6 Psychological Interventions for Treating Chronic Pain
Chronic pain causes extensive changes in the brain and central nervous system. As a result, the effects of chronic pain are often associated with heightened comorbid symptoms of depression and anxiety, as indicated by research. Furthermore, chronic pain can lead to chronic stress—affecting the body’s ability to heal, and promoting further pain. The ways chronic pain can affect the body and mind have created the opportunity for additional treatment options, such as psychological intervention.
Psychological Interventions to help treat Chronic Pain
There are a variety of psychological interventions designed to treat chronic pain that do not require a person to take prescription medications. This is good news, considering America has found itself in the midst of an opioid overdose epidemic, with 100 million Americans suffering from chronic pain.
1. Mindfulness-Based Approach
Using mindfulness to treat chronic pain involves focusing on the pain from a new perspective. When the brain reacts to chronic pain, it’s associating judgment with the pain—thinking negatively about it—focusing on how much one wishes the pain to go away. Such negative thought patterns contribute to feelings of anxiety, depression, and stress. Mindfulness looks at pain with inquisitive eyes of non-judgment. Other ways to incorporate mindfulness in chronic pain management are by practicing breathing exercises and engaging in a visualized body scan—a practice in guided imagery designed for teaching the brain to be present with each part of the body.

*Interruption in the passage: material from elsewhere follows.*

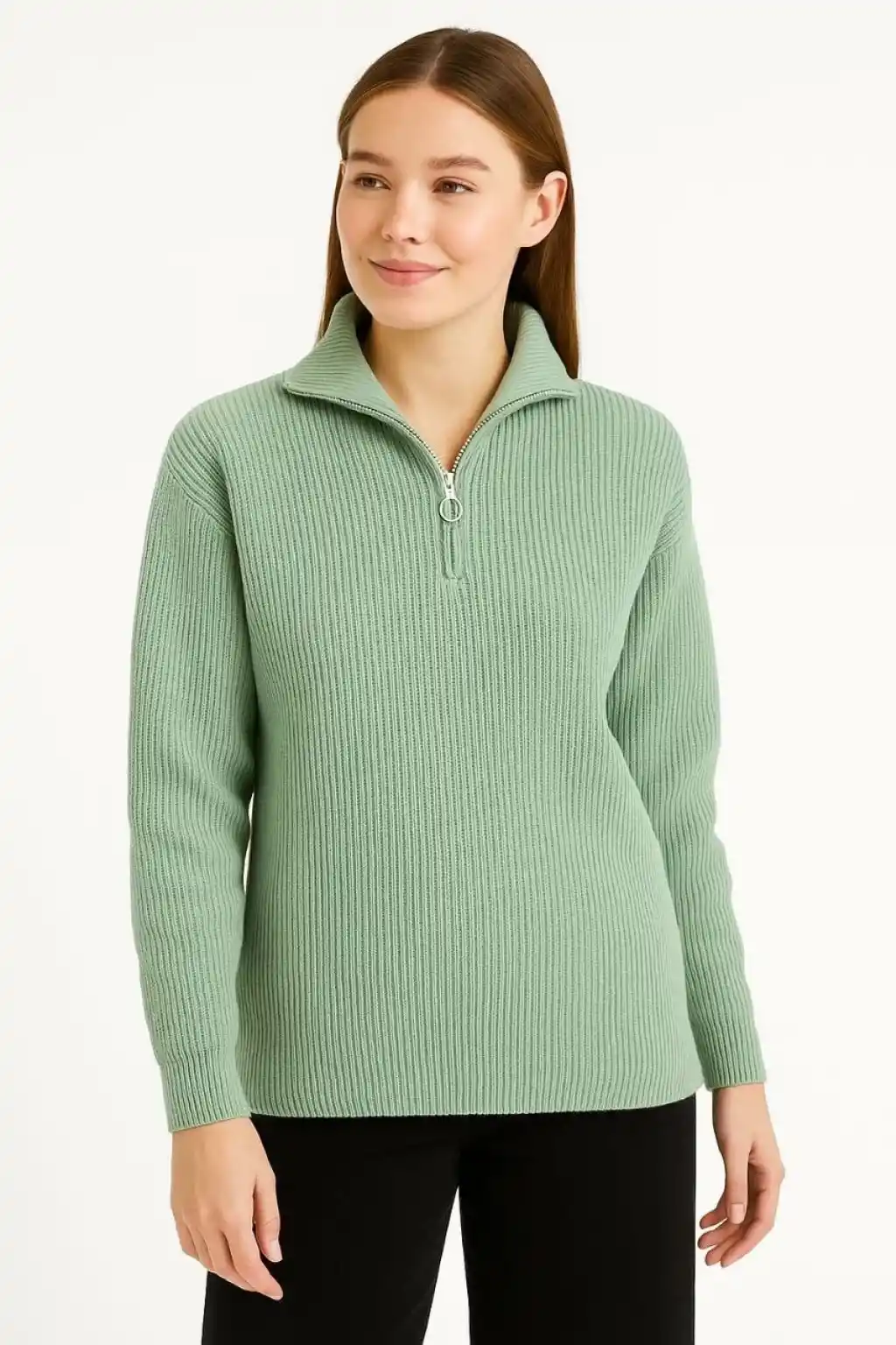 KADIN Yarım Fermuarlı Triko Kazak – Selanik Örgü, Dik Yaka, Pamuklu Dokuma, Oversize Uzun Kollu Kışlık Model - Mint Yeşili

The results of the effectiveness of guided imagery can be measured by doctors with biofeedback.
2. Cognitive-Behavioral Therapy
Negative thought patterns contributing to greater levels of depression and anxiety can be combated through CBT, as it teaches one to challenge negative thoughts, and form new ways of thinking that promote decreased levels of anxiety, depression, and pain.
3. Relaxation Techniques
Relaxation techniques help you relax both mentally and physically. This helps alleviate pain, and its comorbid symptoms. Some relaxation techniques help relax the muscles, as chronic pain contributes to muscle tension. Other relaxation techniques calm the mind—helping alleviate the mentally debilitating effects of chronic pain that exacerbate symptoms.
4. Somatic Anchoring
Somatic anchoring involves rapid self-hypnosis for combating chronic pain. This technique combines cognitive restructuring with mindfulness techniques, as well as indirect, and direct suggestions via hypnosis. This technique has been used to treat various cases of both chronic and acute pain.
Several research studies show hypnosis to be effective in treating chronic pain. By retraining the mind through hypnosis, psychologists help reduce pain for most chronic pain sufferers. However, there is a small group of the population who are immune to the effects of hypnosis, but for those who are able to become hypnotized, this method can significantly reduce the symptoms and severity of chronic pain.

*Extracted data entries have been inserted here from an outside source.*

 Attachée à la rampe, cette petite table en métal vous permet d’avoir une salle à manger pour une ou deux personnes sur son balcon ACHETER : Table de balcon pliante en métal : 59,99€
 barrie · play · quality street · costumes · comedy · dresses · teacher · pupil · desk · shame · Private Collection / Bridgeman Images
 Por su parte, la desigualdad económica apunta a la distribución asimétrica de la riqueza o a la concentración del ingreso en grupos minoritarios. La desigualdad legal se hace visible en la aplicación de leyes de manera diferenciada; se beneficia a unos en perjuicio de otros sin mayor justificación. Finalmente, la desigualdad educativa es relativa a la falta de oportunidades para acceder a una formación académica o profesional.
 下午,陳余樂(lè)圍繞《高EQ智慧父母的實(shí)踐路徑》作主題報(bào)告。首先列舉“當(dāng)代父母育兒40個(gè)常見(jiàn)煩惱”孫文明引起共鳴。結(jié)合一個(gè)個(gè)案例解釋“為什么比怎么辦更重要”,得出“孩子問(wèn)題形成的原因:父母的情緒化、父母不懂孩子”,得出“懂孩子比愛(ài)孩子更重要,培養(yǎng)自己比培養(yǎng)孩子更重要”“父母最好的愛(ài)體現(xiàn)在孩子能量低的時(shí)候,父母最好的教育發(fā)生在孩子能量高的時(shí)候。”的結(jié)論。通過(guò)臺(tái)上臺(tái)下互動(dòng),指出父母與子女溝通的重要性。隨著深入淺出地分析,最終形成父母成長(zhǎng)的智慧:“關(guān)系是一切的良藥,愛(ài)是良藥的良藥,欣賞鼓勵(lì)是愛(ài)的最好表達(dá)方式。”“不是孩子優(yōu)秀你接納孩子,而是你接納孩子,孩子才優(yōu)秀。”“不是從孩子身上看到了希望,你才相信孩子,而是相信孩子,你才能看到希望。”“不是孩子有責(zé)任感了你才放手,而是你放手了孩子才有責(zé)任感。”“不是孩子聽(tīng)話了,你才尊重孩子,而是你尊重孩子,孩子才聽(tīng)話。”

6. Acceptance and Commitment Therapy
Acceptance & Commitment Therapy (ACT) is within the family of CBT (Cognitive Behavioral Therapy) but differs in its philosophical assumptions and scientific strategies. ACT focuses on being psychologically flexible which is “the capacity to continue with or change behavior, guided by one’s goals, in a context of interacting cognitive and direct non-cognitive influences.” In other words, being able to accept the things in life that are out of one’s control, while committing to improving and enriching one’s life. This approach teaches psychological interventions for managing painful feelings and thoughts (essentially mindfulness). It also helps a person identify his/her values—motivating positive life changes. This can help to reduce the intensity and frequency of psychological experiences such as pain.
If you’re one of the 100 million Americans who are suffering from chronic pain, there are a number of treatments options available that have proven to be effective in holistically treating chronic pain; such as the psychological interventions listed above, without the use of prescription medications such as opioids.